Do you ever have those days where after you finish a workout you feel like you have bodybuilder arms?  I know that if I look in a mirror, my arms will be hanging naturally by my sides, but I feel like they are sticking out and I can’t relax them (does that even make sense?). 

massive arms

(source)

Today was one of those workout days!  When Martha arrived at 8 this morning (our last day to not have to workout before 6 am), we warmed up by walking outside.  The heat index is supposed to be over 110 degrees today (and up to 120 tomorrow – WHAT?!), so it was nice to get some time in outside before the smoldering heat sets in.  Today’s workout looked like this:

3 sets alternating 15 of each:

Wide pushups

Wood choppers with 10lb db

Triceps dips on floor

3 sets alternating 15 of each:

Stability ball rollout

Side plank with knee tuck

Pass the ball (lying on back, pass stability ball from hands to feet and then back to hands, stretching out fully each time – I love these!)

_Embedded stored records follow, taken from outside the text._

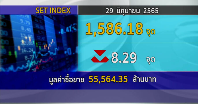 ตลาดหลักทรัพย์ ปิดวันนี้ที่ระดับ 1,586.18 จุด ลดลง 8.29 จุด (-0.52%) มูลค่าการซื้อขาย 55,564.35 ล้านบาท
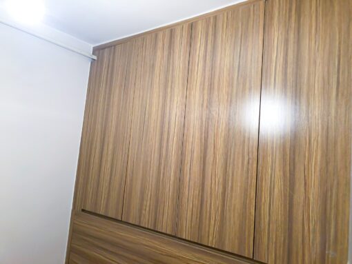 间牆衣柜打横分隔出两间房。外面做了一个间房牆,间房牆有两个隐形趟门和透气气窗。间房衣柜分成上下两部份,分别给不同房间使用。上部份供有地台和衣柜的房间使用,而下部份则是供另一间房使用。
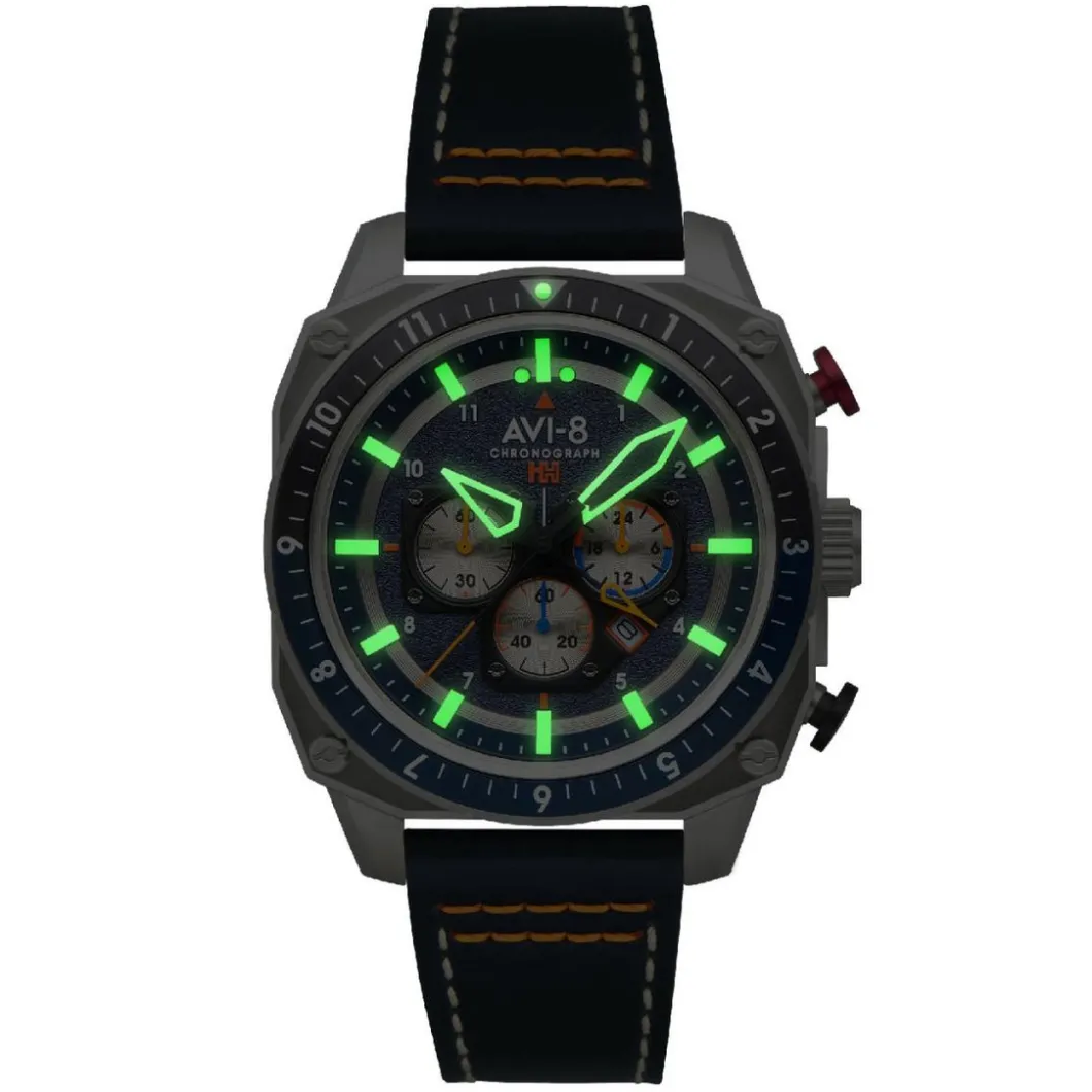 Caractéristiques Montre pour homme Hawker Hunter Dual Time Chrono AV-4100-02 avec bracelet en cuir bleu
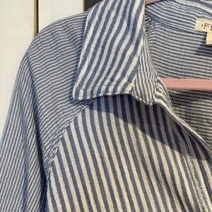 Torrid Festi Cotton Button Up Relaxed Tunic in Blue Stripe Size 1
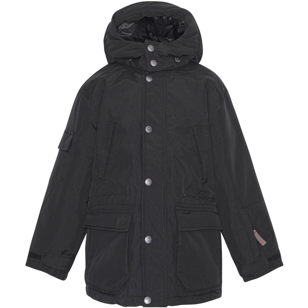 - Avtagbar huva, justerbar midja med snölås på insidan av midjan, ribbad mudd på insidan av ärmarna och skidficka på ärmen
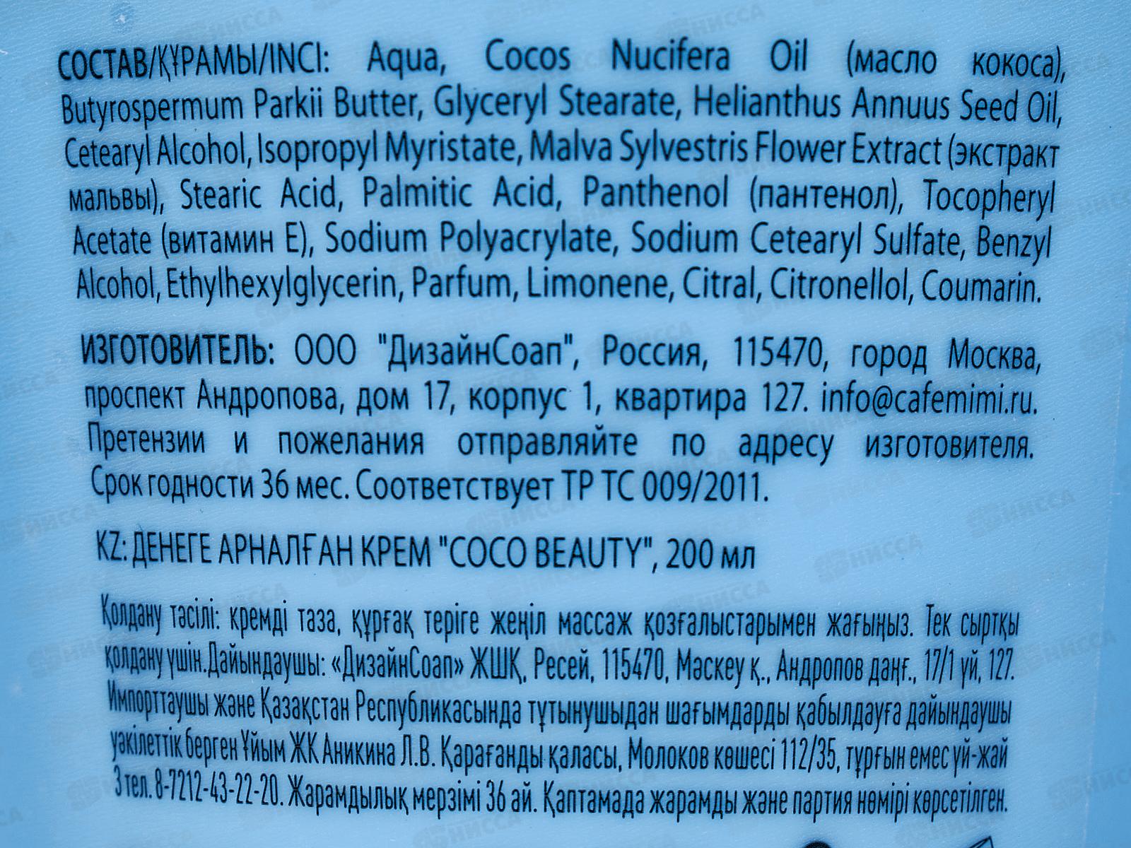 Кафе Мими CLS Крем для тела Coco Beauti 200мл 562522 *12

3 sets alternating 15 of each:

Alternating reverse lunge with bicep curl with 10lb/12lb db

Assisted pullups

Bent over rows

3 sets alternating 15 of each:

Triceps extensions overhead with 12lb db

Stability ball rollup

Then complete the following one time through:

Pilates 100

Cancan crunches – 30 (like bicycle crunches but with straight legs)

Oblique twist no weight – 50

 

By the end of this workout, I was definitely feeling it all over!  Working out is the best way to start the day for me!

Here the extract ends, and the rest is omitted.